Ice sheet modelling

This page was contributed by Dr Anne le Brocq from the University of Exeter.

What is an ice sheet model? | Why do we need a model? | Different types of model | The process of modelling | Examples | Uncertainty | References | Comments

What is an ice sheet model?

A quick search on Wikipedia for the word ‘model’ will give you a many different options, ranging from physical models that you can touch, to conceptual models of how a system works.  Here, we are considering a computer-based, numerical ice sheet model. This is where a mathematical formula which represents the way that ice behaves is converted into computer code and the code then used to simulate the ice sheet behaviour.

The process of modelling. Modellers start with a physical process which can be described mathematically. This is turned into computer code where the equations are solved numerical for a 3D grid. The model is then applied to predict the behaviour of the ice sheet: here, applied to Pine Island Glacier (Gladstone et al. 2012).

Why do we need a model?

There are two main reasons why we might want to use a numerical ice sheet model: 1) to make predictions (prognostic modelling) or; 2) to investigate behaviour of an ice sheet (diagnostic modelling).

Prognostic (or predictive) modelling

Changes in the Antarctic Ice Sheet have a big influence on global climate and sea level.  For example, collapse of the West Antarctic Ice Sheet could raise average sea level by 3 metres (Bamber).  But what is the likelihood of this?  How long will it take?  Will it all collapse, or only part of it?  These are the sort of questions that policy makers need answers to, especially in low-lying coastal areas.  However, the Antarctic Ice Sheet is a complex system with interactions between the ice and climate, the ocean, and conditions at the base of the ice sheet.  The complexity of the system means that it is not straightforward to determine how one thing will affect another, hence, prediction requires a realistic numerical ice sheet model which takes into account all the important processes and how they interact.

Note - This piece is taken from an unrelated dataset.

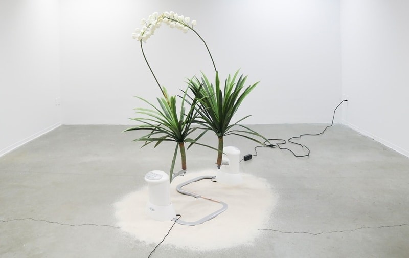 Perfect Lovers (2023) serves as a centerpiece for the show. The work features two motors from baby rockers, connected on the floor by an s-shaped metal bar that’s submerged in a bed of white sand. The motors bump up and down, squeaking softly as each waves a metal arm back and forth. These limbs hold two artificial plants, which hover above the ground in an apparent dance. Sometimes the plants sync up. Sometimes they drift apart.

Prognostic modelling can also involve reconstructing past ice sheets.  Understanding the behaviour of ice sheets in the past, in different climate settings, can help us understand what might happen in the future.

Diagnostic modelling

Diagnostic modelling can be used to improve the understanding of the processes controlling the behaviour of a particular ice stream, or to study the importance of one or more physical process in an ice sheet in general.

Examples of the two approaches are given below in the examples section.

Different types of model

Many ice sheet models are now freely available, for example, Elmer, Glimmer-CISM, ISSM, PISM, SICOPLIS, making it possible for a wider community to be able to use these models to answer a wide range of scientific questions.

The models vary in a number of different ways, for example: the way in which they break up the world into discrete elements to solve the equations; the representation of the physics of ice flow; the language the code is written in; whether they are solved on one or many computer processors.

Investigating the same question with different models allows us to compare the models and identify where models agree and where differences between the models lead to different answers to the same question.  A number of model intercomparison exercises have taken place, for example ISMIP and MISMIP.

The process of modelling

1. Physical process

The starting point of modelling is a physical process, either from observation or from theory, for example: how ice “slides” over the underlying sediment or bedrock (e.g. Weertman et al., 1964, Tulaczyk et al., 2000).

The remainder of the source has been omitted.